What you should do »
Nothing but the lines from the one containing "First Floor 1 : 100" through the end of the entries below should appear in your answer, transcribed exactly; please drop the pictures.

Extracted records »
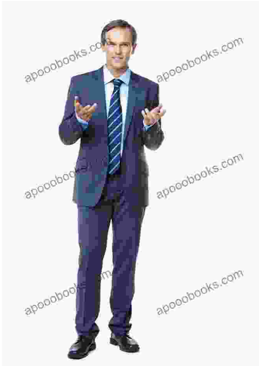
Dominant and Authoritative Stance

Your posture speaks volumes about your confidence and accessibility. Maintain an upright stance with your shoulders back and relaxed. Open your chest and avoid crossing your arms or legs, as these gestures can create a barrier and make you appear aloof.
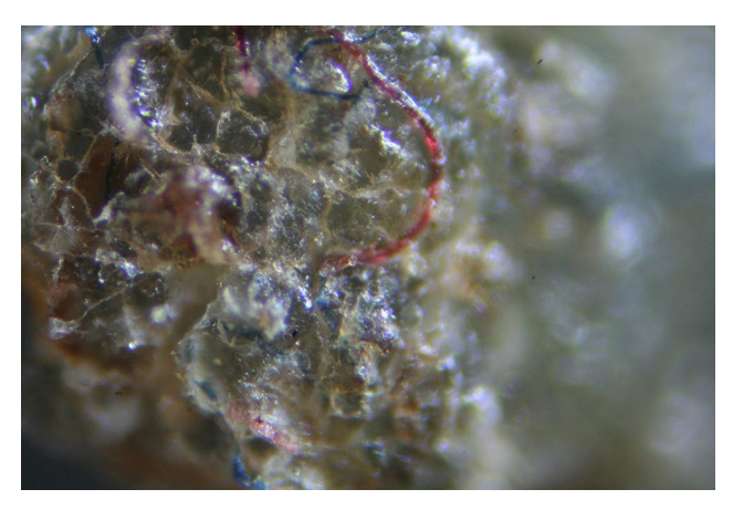
Figure 2 Multicolored fibers in Morgellons disease skin lesion. Notes: 400× original magnification.
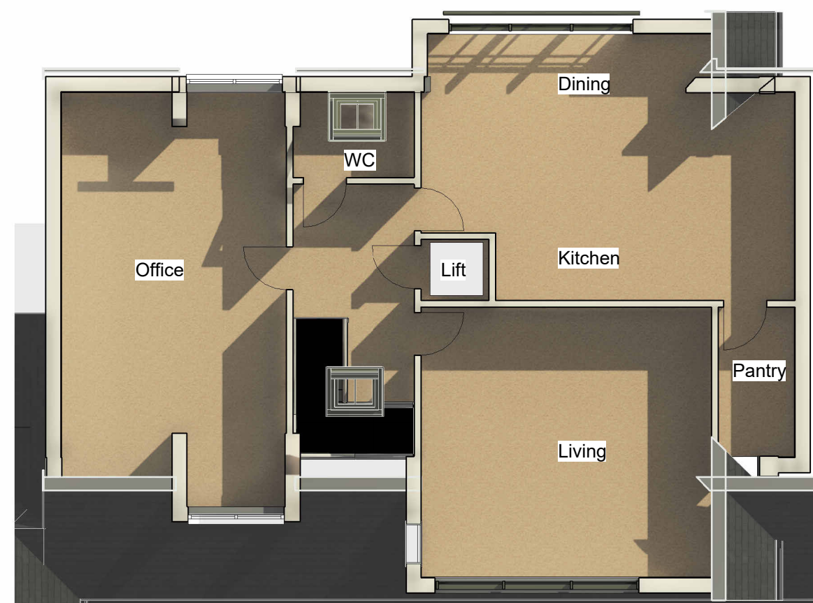
First Floor 1 : 100
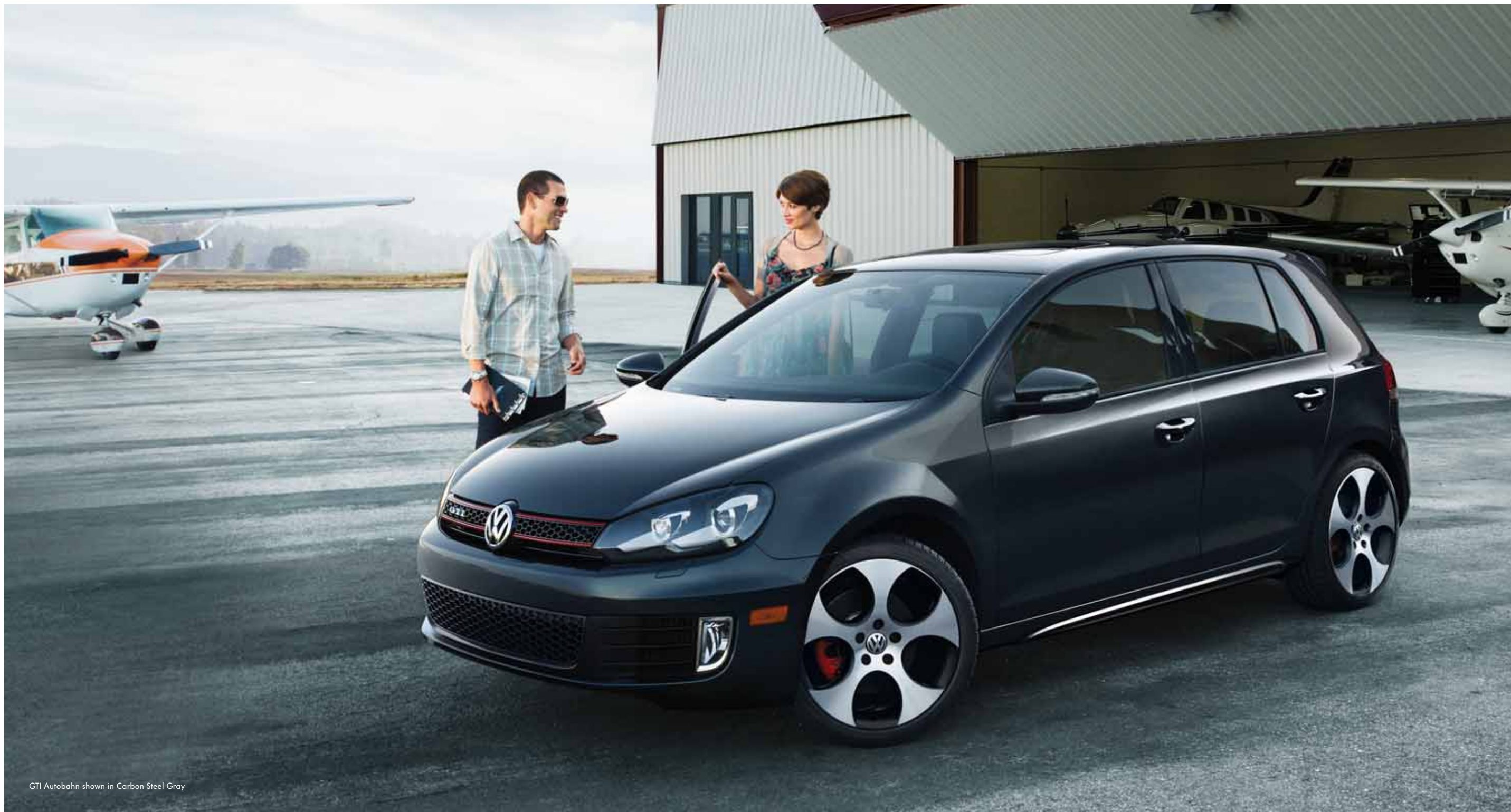
GTI Autobahn shown in Carbon Steel Gray
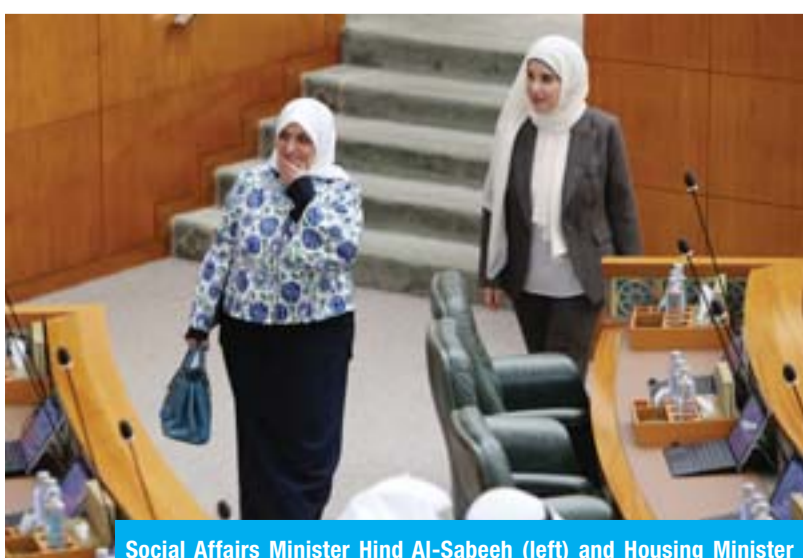
Social Affairs Minister Hind Al-Sabeeh (left) and Housing Minister Jenan Boushehri arrive to attend the opening session.
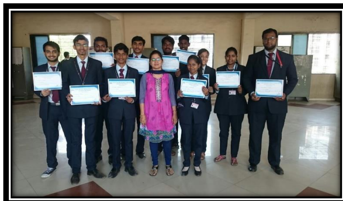
PHOTO WITH THE BSE EXECUTIVE DR.
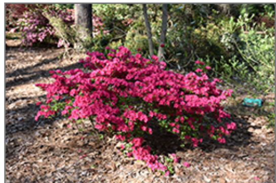
Girard's Fuchsia Evergreen Azalea in bloom
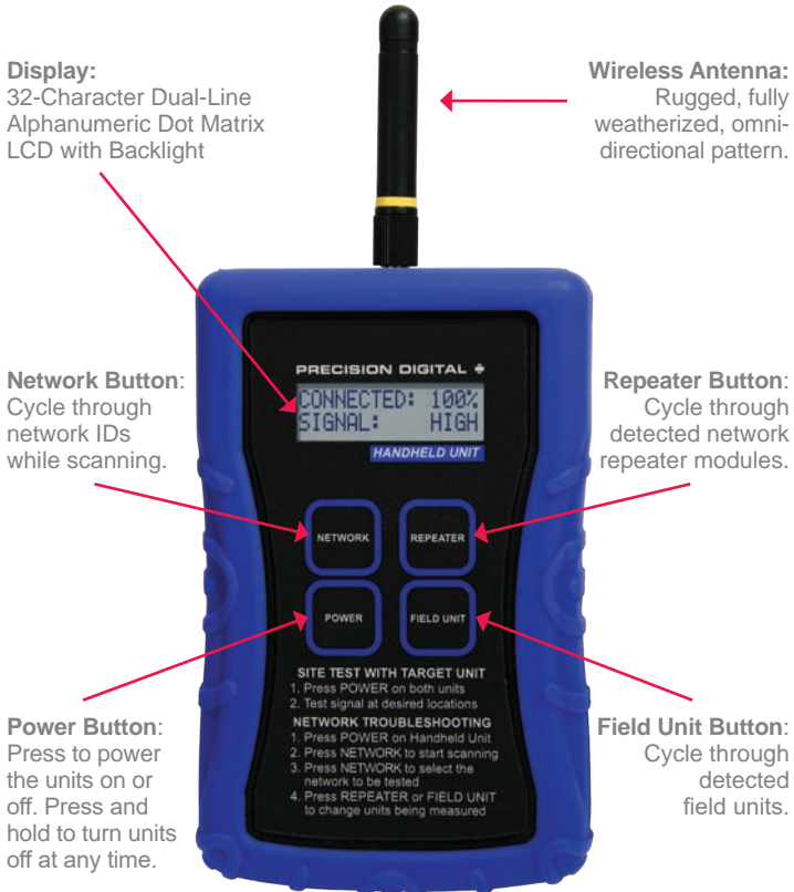
▲ PDA10 Handheld Unit Shown

The four buttons on the face of the handheld unit make it simple to power on the unit and start testing your devices for wireless signals. Cycle through any of your network to test field units and repeaters for strong wireless signals.

Exercise response »
First Floor 1 : 100
GTI Autobahn shown in Carbon Steel Gray
Social Affairs Minister Hind Al-Sabeeh (left) and Housing Minister Jenan Boushehri arrive to attend the opening session.
PHOTO WITH THE BSE EXECUTIVE DR.
Girard's Fuchsia Evergreen Azalea in bloom
▲ PDA10 Handheld Unit Shown

The four buttons on the face of the handheld unit make it simple to power on the unit and start testing your devices for wireless signals. Cycle through any of your network to test field units and repeaters for strong wireless signals.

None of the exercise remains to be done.